Все были взволнованны. Люди делились со мной тем, что больше не думают о протесте только как своей борьбе за понижение ренты. Одна из турчанок немецкого происхождения, Нериман Тансер, рассказывала, что она приобрела нечто большее, чем понижение арендной платы. Это привело ее к «пониманию того, сколько прекрасных людей живет по соседству с тобой». Они все были там и раньше, но не замечали друг друга. А теперь вот они – все рядом. Когда люди жили в Турции, женщины относились ко всей своей деревне как к «дому». Но когда они приехали в Германию, им пришлось научиться относиться к дому как к четырем стенам и пространству внутри них. Такое отщипанное, сморщенное чувство дома. А когда поднялись все эти протесты, чувство дома снова расширилось, охватив весь жилой комплекс и плотную сеть людей, проживающих там.

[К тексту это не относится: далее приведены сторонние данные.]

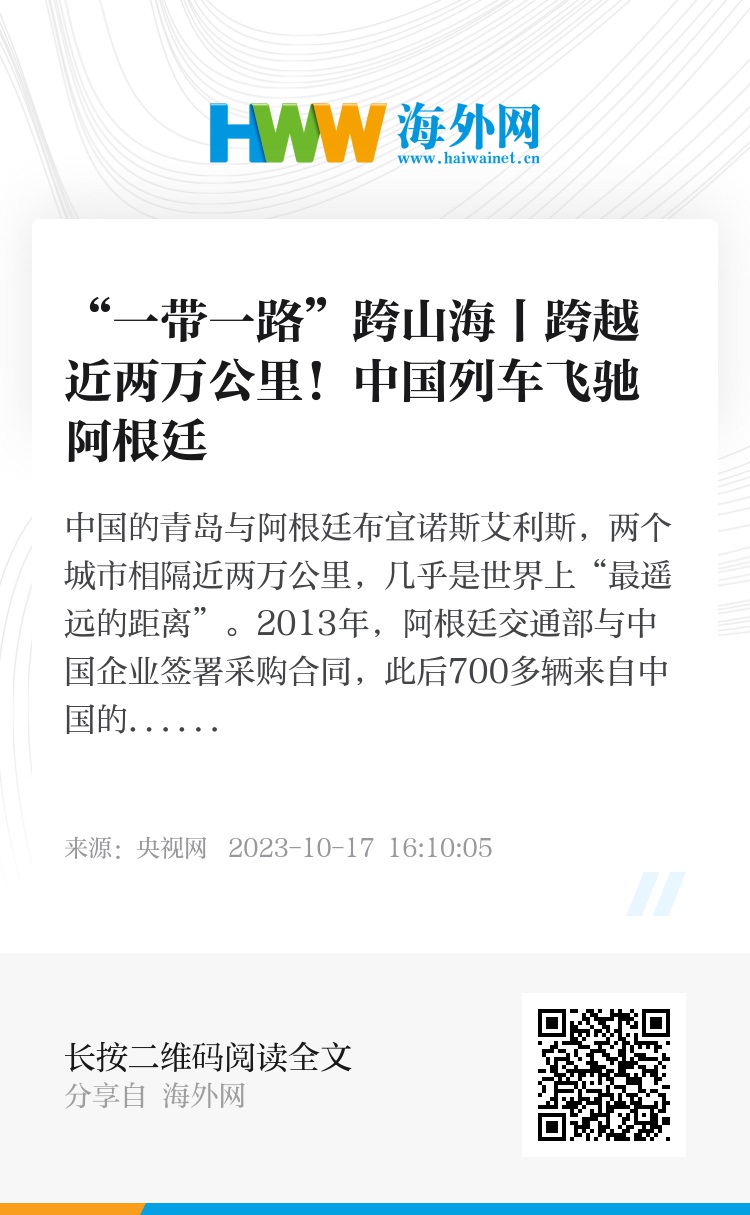 如今写在“中国列车”的出海日志上的,不只是“中国制造”的现代化设备,更是10年如一日的金牌售后服务。贺路说,身边的每个阿根廷的朋友,都希望今后会有更多中国列车,驰骋在潘帕斯草原的每个角落。
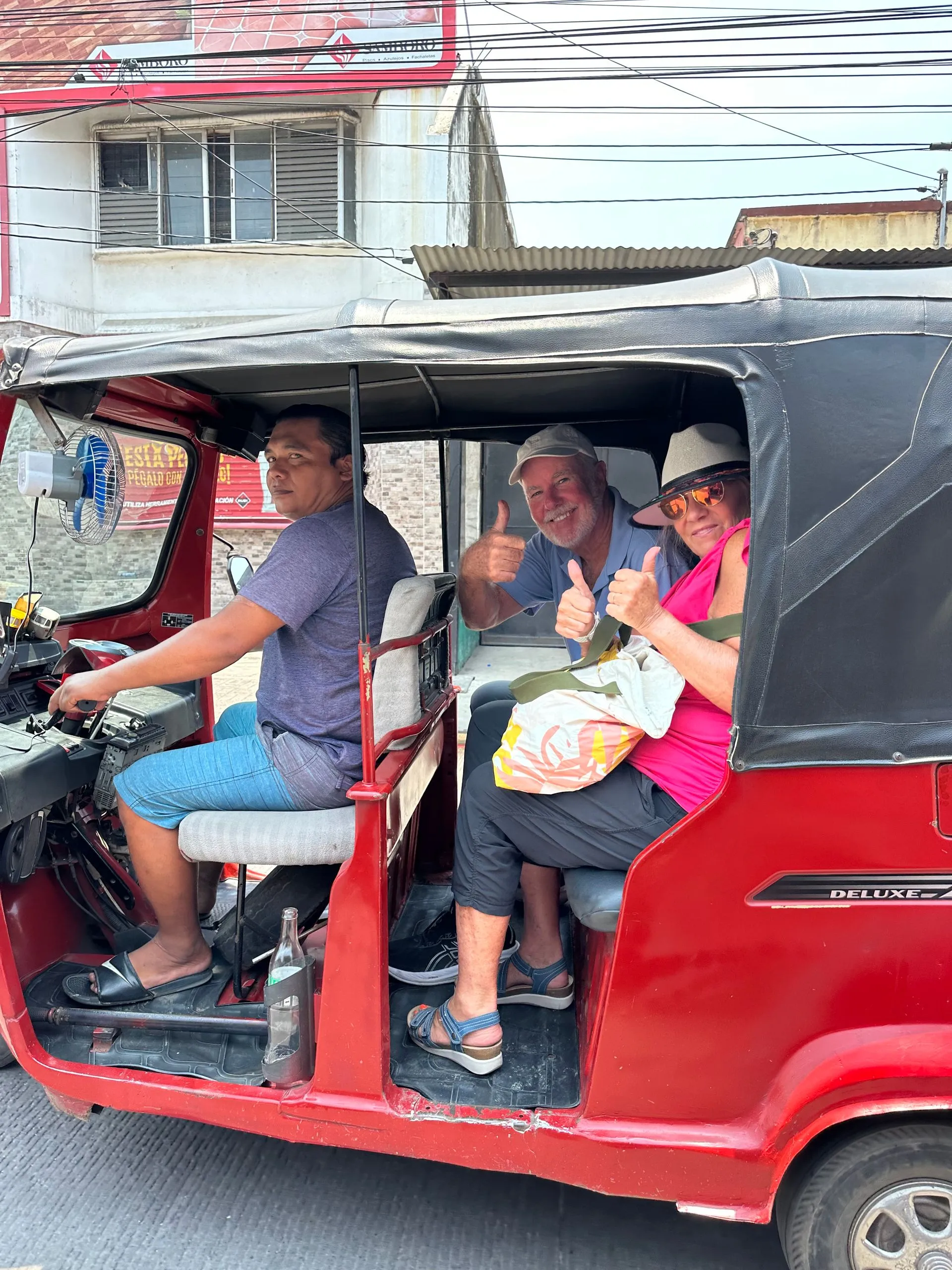 After Mass I had planned to go to the beach, but it was so warm I opted to go back to the Ship with Fran, Phil & Kim. Phil flagged down 2 tuk tuks to take us back to the port. It was a nice way to cool off and also take in the Sunday market shoppers.

Пока Нериман рассказывала мне все это, я думал: а сколько из нас в нашем обществе являются бездомными по меркам «Котти и Ко». Сколько из нас, окажись мы выброшенными из дома или запертыми в психушке, получат поддержку десятков и десятков людей, стоящих рядом и защищающих нас?
– В этом смысл протеста. Преодолевая границы, мы заботились друг о друге, – говорил мне один из протестующих. – Заботясь друг о друге, мы росли.
Сидя за самоваром, Мехмет говорил мне, что, если б не этот протест, его бы вышвырнули из старшей школы. Он сказал:
– Здесь есть на что опереться, вместе мы можем стать сильными… Я так счастлив, что узнал так много прекрасных людей.